Highly efficient adsorption of uranium(vi) from aqueous solution by a novel adsorbent: titanium phosphate nanotubes

Abstract

A novel adsorbent, titanium phosphate nanotube, was fabricated through a facile solvothermal method. The adsorbent was characterized by scanning electron microscopy, nitrogen adsorption–desorption isotherms, X-ray diffraction, zeta potential and Fourier-transform infrared spectroscopy in detail. The as-prepared adsorbent exhibited high performance for U(VI) adsorption from aqueous solution. The influencing factors including pH, temperature, contact time, adsorbent concentration and adsorbate concentration on the U(VI) adsorption were systematically investigated. The sorption of U(VI) on the titanium phosphate nanotube agreed with the Langmuir isotherm model and the maximum adsorption capacity was 344 mg g⁻¹, which is relatively higher than most reported materials in recent years.
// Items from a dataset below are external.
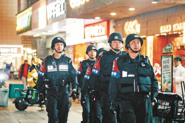 慈溪民辅警开展武装巡逻,确保街面平安。(慈溪公安供图)
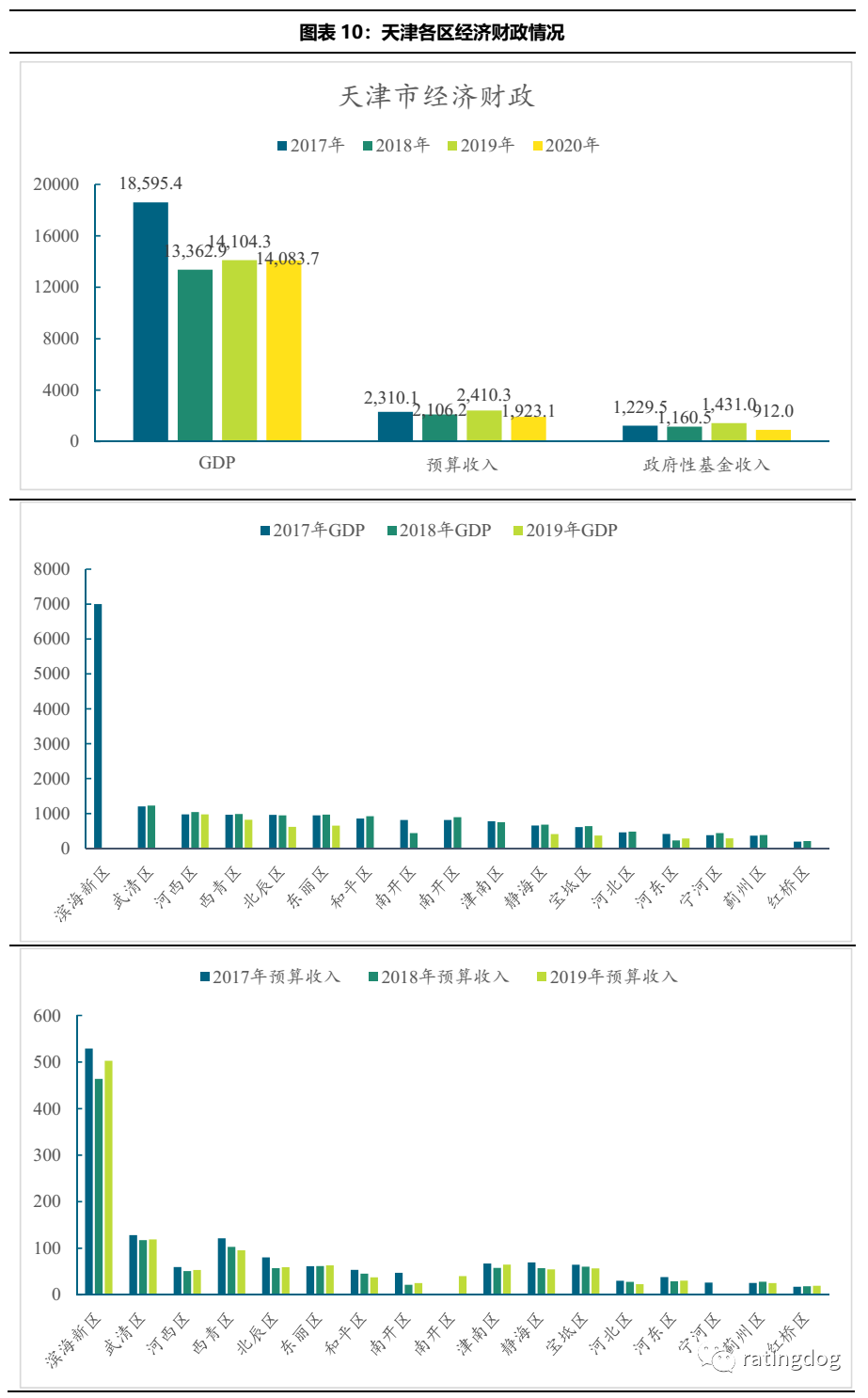從經(jīng)濟(jì)財(cái)政來看,天津GDP自2018年第四次經(jīng)濟(jì)普查以來出現(xiàn)較大縮水,至2020年仍未恢復(fù)。20年受疫情影響,天津市GDP、預(yù)算收入和基金收入均保持負(fù)增長,預(yù)算收入和基金收入下降幅度較大。
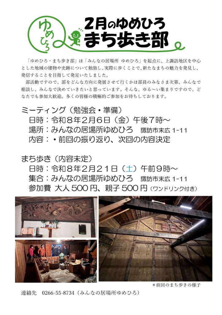 2026年2月4日 / 最終更新日時 : 2026年2月4日 ゆめひろ おしらせ 2月のまち歩き部 2月のまち歩き部は、6日(金)にミーティングを、21日(土)にまち歩きを行います。まち歩きの詳細は6日のミーティングで決めます。lくわしくはちらしでご確認ください。 202602060221まち歩き部案内 Follow me! FacebooktwitterHatenaPocketCopy
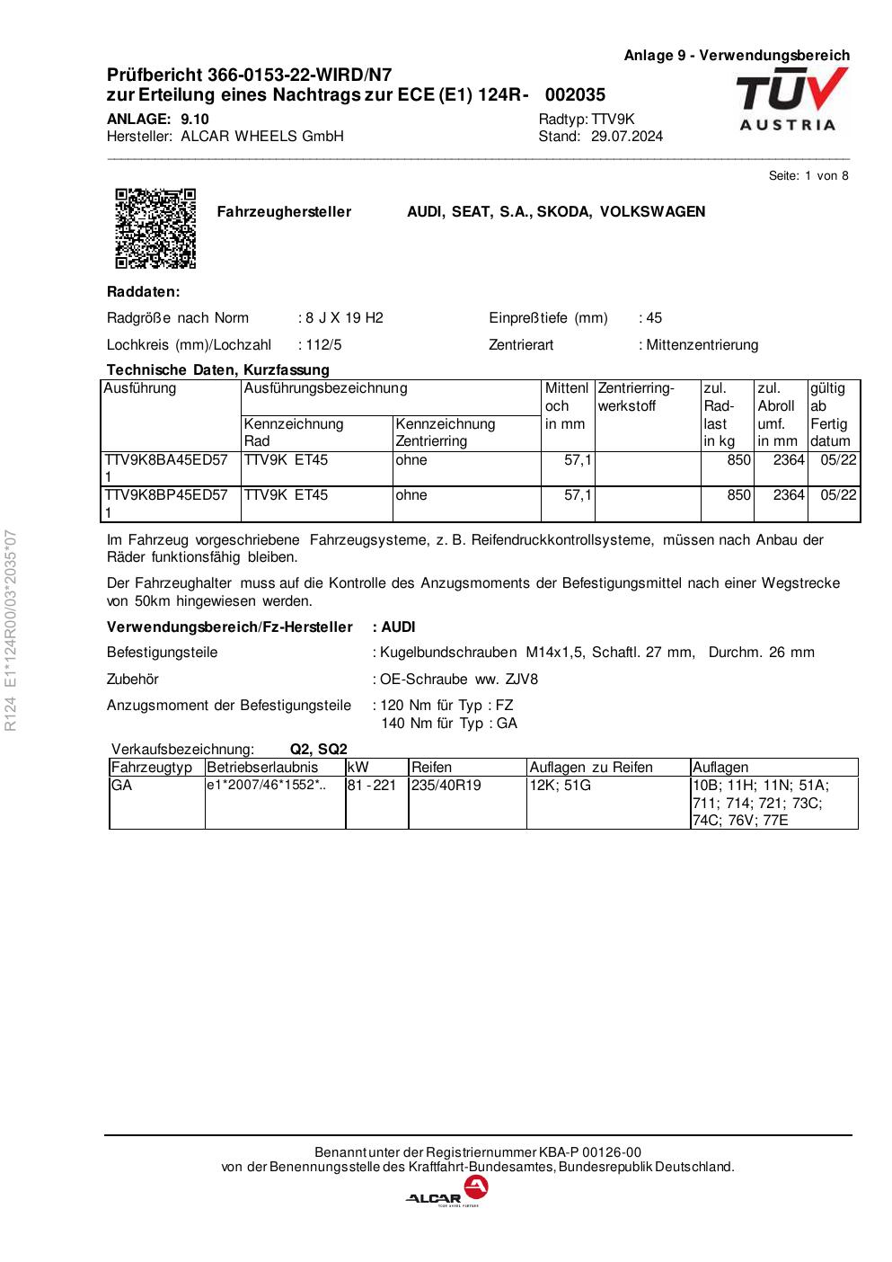 Dieses Gutachten (ece) bezieht sich auf die Alufelge alcar TTV9K in der Ausführung 8Jx19 ET 0, Mittenloch 0 mm . Im PDF findest du typischerweise zulässige Reifengrößen, Auflagen/Anbauhinweise und – je nach Dokument – Hinweise zur Eintragung.

According to kinetic and thermodynamic studies, the adsorption fitted better with a pseudo-second-order model and it was an endothermic and spontaneous process. The U(VI) adsorption was mostly attributed to electrostatic interaction and surface complexation. In addition, desorption and reusability studies on titanium phosphate nanotubes showed that their adsorption capacity was not significantly decreased after 4 cycles, indicating that they may have a promising potential for industrial removal of radionuclides from aqueous solution.